[Items from a dataset]
-------
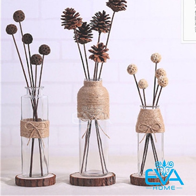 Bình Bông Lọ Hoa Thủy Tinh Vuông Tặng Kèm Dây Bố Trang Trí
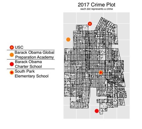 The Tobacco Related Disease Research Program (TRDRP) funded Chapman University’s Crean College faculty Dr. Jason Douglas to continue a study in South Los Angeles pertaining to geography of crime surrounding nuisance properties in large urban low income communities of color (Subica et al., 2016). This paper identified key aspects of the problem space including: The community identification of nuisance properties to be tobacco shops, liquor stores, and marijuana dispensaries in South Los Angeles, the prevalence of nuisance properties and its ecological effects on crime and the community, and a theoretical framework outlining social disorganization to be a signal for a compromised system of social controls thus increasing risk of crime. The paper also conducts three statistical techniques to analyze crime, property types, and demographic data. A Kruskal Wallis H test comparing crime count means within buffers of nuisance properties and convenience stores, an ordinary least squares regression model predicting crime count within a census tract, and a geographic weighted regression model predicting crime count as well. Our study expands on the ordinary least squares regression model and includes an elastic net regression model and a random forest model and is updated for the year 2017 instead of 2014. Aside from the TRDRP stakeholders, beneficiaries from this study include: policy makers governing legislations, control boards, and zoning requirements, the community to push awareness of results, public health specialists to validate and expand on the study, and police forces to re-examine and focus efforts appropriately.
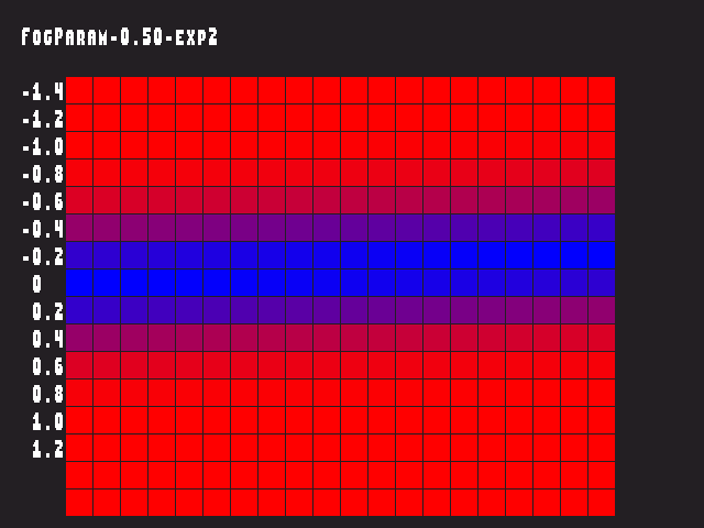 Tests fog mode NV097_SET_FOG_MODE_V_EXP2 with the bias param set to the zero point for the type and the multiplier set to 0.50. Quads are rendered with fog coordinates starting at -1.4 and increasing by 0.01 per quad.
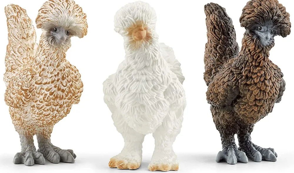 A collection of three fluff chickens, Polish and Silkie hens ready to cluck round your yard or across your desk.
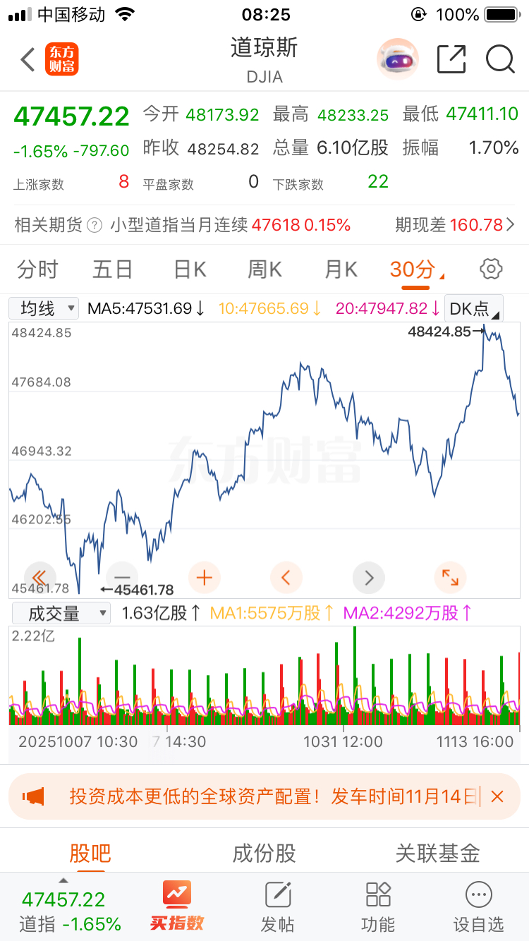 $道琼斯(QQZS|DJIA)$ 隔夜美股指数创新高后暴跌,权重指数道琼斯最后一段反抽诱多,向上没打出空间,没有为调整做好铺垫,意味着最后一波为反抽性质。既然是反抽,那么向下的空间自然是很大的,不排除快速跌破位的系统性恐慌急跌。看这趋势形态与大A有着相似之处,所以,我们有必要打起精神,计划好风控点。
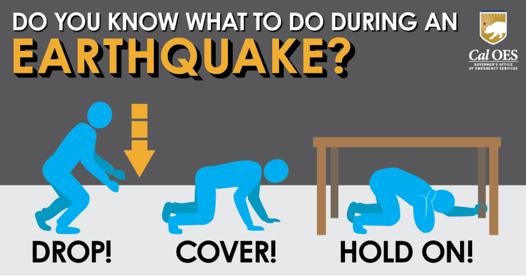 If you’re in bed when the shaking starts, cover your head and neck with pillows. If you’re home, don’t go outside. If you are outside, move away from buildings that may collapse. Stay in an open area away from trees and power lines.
-------
Pictures are to be left out, and the lines from the beginning of the records through the line with "The Tobacco Related" are to be printed exactly, with nothing added.

■ **ANSWER TO THE EXERCISE**
 Bình Bông Lọ Hoa Thủy Tinh Vuông Tặng Kèm Dây Bố Trang Trí
 The Tobacco Related Disease Research Program (TRDRP) funded Chapman University’s Crean College faculty Dr. Jason Douglas to continue a study in South Los Angeles pertaining to geography of crime surrounding nuisance properties in large urban low income communities of color (Subica et al., 2016). This paper identified key aspects of the problem space including: The community identification of nuisance properties to be tobacco shops, liquor stores, and marijuana dispensaries in South Los Angeles, the prevalence of nuisance properties and its ecological effects on crime and the community, and a theoretical framework outlining social disorganization to be a signal for a compromised system of social controls thus increasing risk of crime. The paper also conducts three statistical techniques to analyze crime, property types, and demographic data. A Kruskal Wallis H test comparing crime count means within buffers of nuisance properties and convenience stores, an ordinary least squares regression model predicting crime count within a census tract, and a geographic weighted regression model predicting crime count as well. Our study expands on the ordinary least squares regression model and includes an elastic net regression model and a random forest model and is updated for the year 2017 instead of 2014. Aside from the TRDRP stakeholders, beneficiaries from this study include: policy makers governing legislations, control boards, and zoning requirements, the community to push awareness of results, public health specialists to validate and expand on the study, and police forces to re-examine and focus efforts appropriately.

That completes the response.